Category: A site classification (SaaS & Cloud, News & Media, Dev Tools, General) assigned by the benchmark maintainer.

Measurement Methodology

3.1 HTML Baseline

curl -sL --max-time 30 \
  -H "User-Agent: WebTaskBench/1.0" \
  "<url>"

The response body is tokenized directly. No parsing, no rendering, no modification.

3.2 Tool Output

The tool under test fetches the same URL and produces its output in its native format. For Plasmate, this is SOM JSON. For Firecrawl, this is Markdown. For any tool, it is the default output format as shipped.

Output is tokenized using tiktoken cl100k_base.

3.3 Ratio Calculation

ratio = round(html_tokens / tool_tokens, 1)

If tool_tokens > html_tokens, ratio is reported as < 1.0 (tool made it larger). This is a valid result.

3.4 Timeout

Sessions timeout at 30,000ms (30 seconds). Timeouts are reported as failures.

3.5 Freshness

Data must be collected within 30 days of publication. Data older than 30 days must be re-collected before being cited.

Site Selection

Minimum requirements for a valid benchmark run:

At least 20 sites
At least 3 categories represented
No more than 40% of sites from any single category
Sites must be publicly accessible without authentication
Sites must not be controlled by the benchmark runner (no testing your own site only)

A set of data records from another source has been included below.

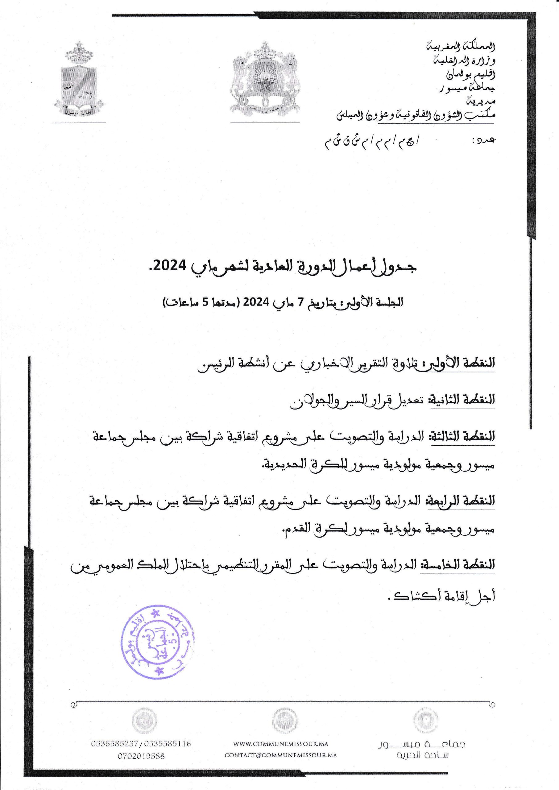 أخبار الجماعة جدول اعمال الدورة العادية لشهر ماي 2024 By Admin Missour 24 أبريل 2024 0 Comments أقل من دقيقة 5118 مشاهدات سنة واحدة مضت Facebook Twitter Pinterest Whatsapp Cloud StumbleUpon طباعة نشر عبر الرابط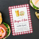 Casual "burgers & beer" engagement party invitations feature watercolor illustrations and a red and white gingham border. Perfect for summer or outdoor engagement parties, these casual chic invitations are easily customized with your celebration details.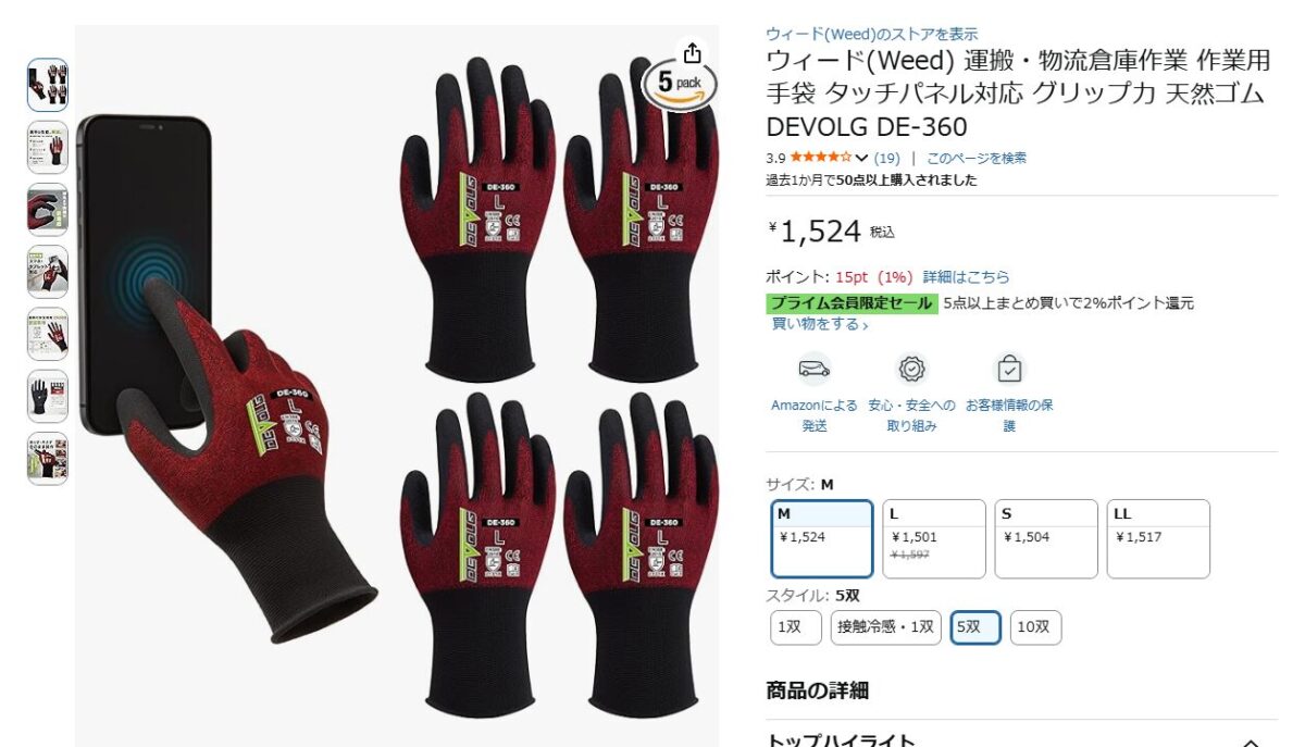 できる限り、こういった作業用グローブは装着した方がいいですね

Recommended: 50+ sites across all four categories, balanced between popular and niche.

Result Format

Benchmark results must be published as a JSON file conforming to the following schema:

{
  "protocol_version": "1.0",
  "published": "2026-04-01T00:00:00Z",
  "tool": {
    "name": "Plasmate",
    "version": "0.4.1",
    "source": "https://github.com/plasmate-labs/plasmate",
    "license": "Apache 2.0"
  },
  "baseline": {
    "method": "curl -sL",
    "user_agent": "WebTaskBench/1.0",
    "timeout_ms": 30000
  },
  "tokenizer": {
    "library": "tiktoken",
    "model": "cl100k_base"
  },
  "environment": {
    "platform": "Linux x86_64",
    "timeout_ms": 30000
  },
  "results": [
    {
      "url": "https://cloud.google.com",
      "category": "SaaS & Cloud",
      "html_tokens": 759234,
      "tool_tokens": 6436,
      "ratio": 117.9,
      "status": "success"
    },
    {
      "url": "https://stackoverflow.com",
      "category": "Dev Tools",
      "html_tokens": null,
      "tool_tokens": null,
      "ratio": null,
      "status": "failure",
      "failure_reason": "Anti-bot detection (Cloudflare challenge)"
    }
  ],
  "summary": {
    "sites_attempted": 51,
    "sites_succeeded": 44,
    "sites_failed": 7,
    "avg_ratio": 17.5,
    "median_ratio": 9.4,
    "peak_ratio": 117.9,
    "peak_url": "https://cloud.google.com",
    "by_category": {
      "SaaS & Cloud": { "n": 12, "avg_ratio": 47.1 },
      "News & Media": { "n": 8, "avg_ratio": 41.3 },
      "Dev Tools": { "n": 18, "avg_ratio": 11.8 },
      "General": { "n": 6, "avg_ratio": 3.9 }
    }
  }
}

Submission

Third parties may submit benchmark results to webtaskbench.com for inclusion in the registry by:

Running the benchmark following this protocol
Producing a result JSON conforming to the schema in Section 5
Opening a pull request to plasmate-labs/plasmate-benchmarks with the result file in results/third-party/<tool-name>-<date>.json
Including a brief methodology note explaining any deviations from the standard

Results are reviewed by the webtaskbench maintainers and listed in the registry if they meet quality thresholds.

Quality Thresholds

Results are accepted if:

At least 20 sites succeed
The result file validates against the Section 5 schema
Failure reasons are documented for all failed sites
Data is less than 30 days old at time of submission
The tool version is specified and the source is publicly accessible

Results are rejected if:

Sites were cherry-picked (e.g., only sites where the tool performs well)
The HTML baseline was modified (e.g., after JavaScript rendering)
The tokenizer differs from cl100k_base without explicit justification

Versioning

This protocol is versioned. The current version is 1.0. Breaking changes (changes to measurement methodology) increment the major version. Additive changes (new optional fields) increment the minor version.

Results produced under different major versions are not directly comparable.